Following the City of Houston's ill-advised move to subpoena a bunch of local pastors, we were treated to a smorgasbord of outrage. On one end of the spectrum, the Chron's more mild-mannered editorial board called the subpoenas "Orwellian." Glenn Beck, meanwhile, rage-wept that the situation was "more dangerous to the Republic of Texas than Ebola."
Televangelist Pat Robertson -- who thinks an earthquake ravaged Haiti because of a pact with the devil (for real) -- first called local proponents of LGBT rights "terrorists." But even last week's announcement from Mayor Annise Parker and City Attorney David Feldman that they would drop the controversial subpoenas wasn't enough to calm Robertson, who followed up with his own unhinged "message" for Houston that, naturally, involves a deadly tale of biblical gang rape.
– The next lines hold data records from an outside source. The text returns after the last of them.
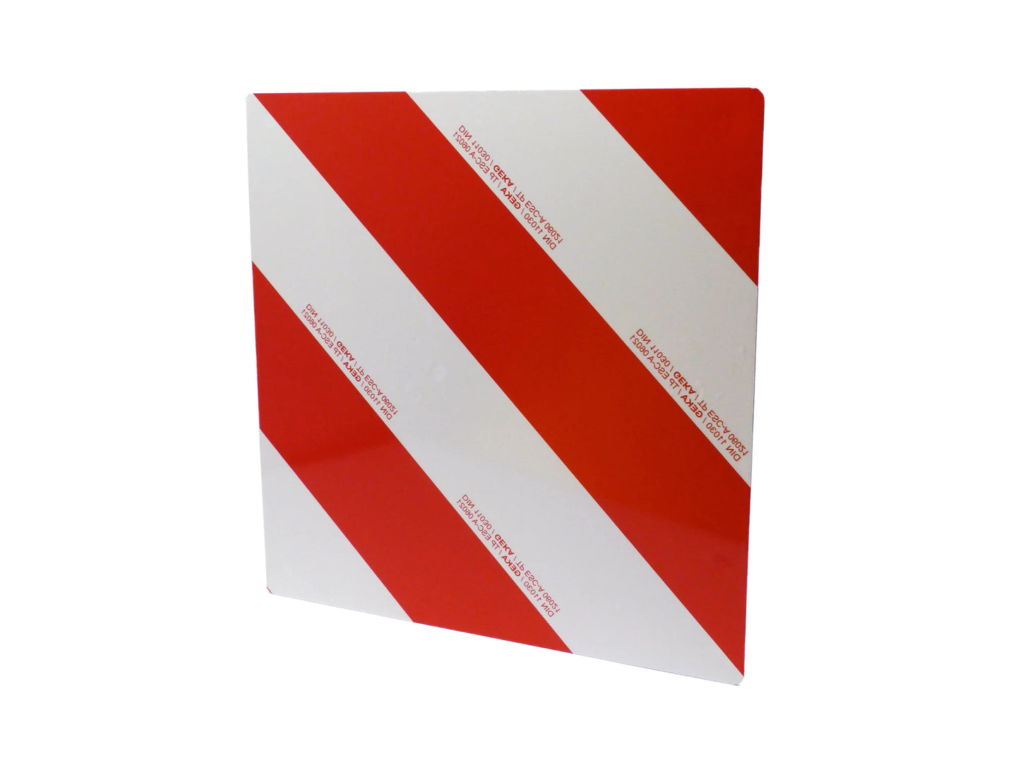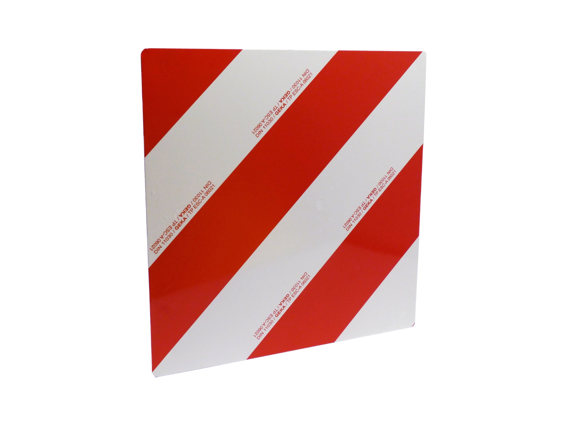 DIN 11030'a göre bir tarafı tip 1 folyo ile uyarı işareti. 423mm x 423mm boyutlarında. DIN 11027'ye göre klipsli parça için delikli, sabit montaj veya asmak için, tüm taraflar flanşlı. Destek plakası 0,8 mm galvanizli sac.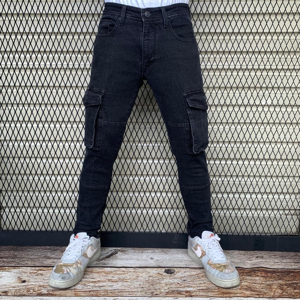 TONNY CLEIN | Celana Cargo Panjang Pria Skinny Strech Wash Grey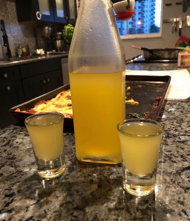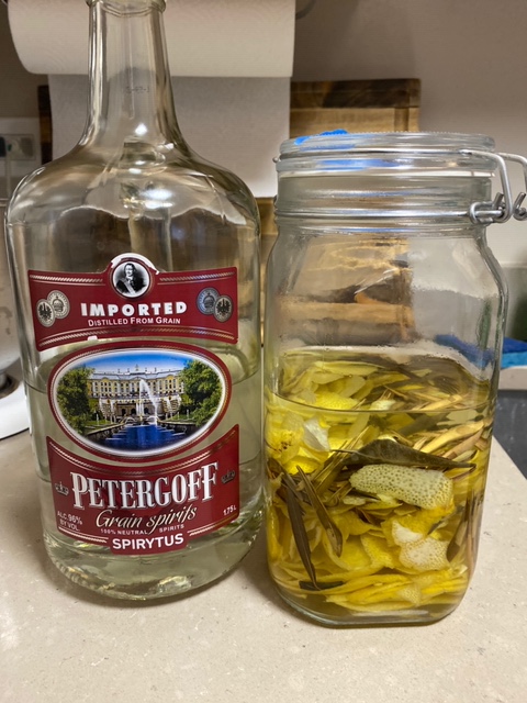 The making of the Limoncello is not a stealth process. First the procurement of ten organic (a must) lemons. Then to find olive leaves (we found these on Amazon – shocking, I know). Then the pure alcohol (see picture below) in Florida we could only find 75% alcohol but in NYC we were able to find 95%. Note that the proof is half the alcohol content.

As so often happens when you dive into the Old Testament, Robertson's bible lesson takes a quick, dark turn when he starts in on Judges 19-20, which recounts how the almighty ordered the destruction of an entire town that defended a group of, as Robertson describes them, "militant homosexuals."
Here's the Bible-Time-With-Pastor-Pat version, brought to you by the folks at Right Wing Watch: A man took his concubine to visit the town of Gibeah, where they stayed with a local guy who took them in. But once the couple got settled, in Robertson's explanation, "a group of militant homosexuals came banging on his door and said, 'We want that man so that we can have sex with him.'" So, of course, the man instead sent out his concubine to be ravaged by the gay horde. ("Now that's pretty sexist, but nevertheless that's what's in the Bible," says Robertson). The "homosexuals" then raped the woman to death.
So, at god's request, the Israelites rose up, annihilated the town and its inhabitants, and even "killed all the women," Roberston says. Oh, and the guy cut up his dead concubine into 12 pieces and sent the body parts across the land -- because how else do you mend a grieving Old Testament heart?
"It was a complete mess," Robertson says. "Why? Because they had defended these rapist homosexuals. Is that a message for Houston? For someplace else in America? Well it's in the bible."